A new report from the House Committee on Oversight and Accountability highlights concerns surrounding pharmacy-benefit managers (PBMs), stating that they are directing patients toward more expensive medications while restricting their pharmacy options. This report follows a 32-month investigation and comes ahead of a hearing involving executives from major PBM companies.
PBMs act as intermediaries between health insurers and pharmaceutical companies, negotiating drug prices and determining patient out-of-pocket costs. The three largest PBMs in the U.S. – Express Scripts, OptumRx (part of UnitedHealth Group), and CVS Health’s Caremark – collectively manage about 80% of prescriptions in the country.
According to the report, PBMs have developed preferred drug lists that prioritize higher-priced brand-name medications over more affordable alternatives. An example mentioned involves emails from Cigna staff discouraging the use of cheaper alternatives to Humira, a treatment for arthritis, which was priced at $90,000 annually. Some biosimilars were available for half that cost.
The committee also reported that Express Scripts informed patients they would incur higher costs if they filled prescriptions at local pharmacies compared to using its affiliated mail-order pharmacy, thereby limiting patient choice.
A recent report by the U.S. Federal Trade Commission (FTC) echoed these findings, indicating that increased vertical integration among PBMs has led to them managing nearly 95% of U.S. prescriptions.
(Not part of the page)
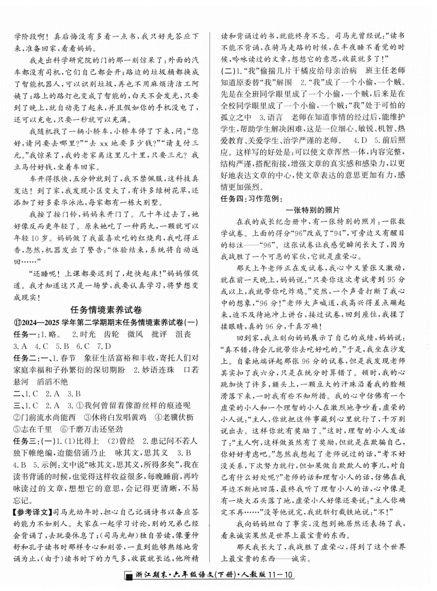 《2025年励耘书业浙江期末六年级语文下册人教版》

The FTC expressed concern that dominant PBMs wield substantial power over patients’ accessibility and affordability of medication, leading to potential conflicts of interest that may disadvantage independent pharmacies and drive up drug costs.
FTC Chair Lina M. Khan noted that these middlemen are reportedly “overcharging patients for cancer drugs,” generating over $1 billion in additional revenue.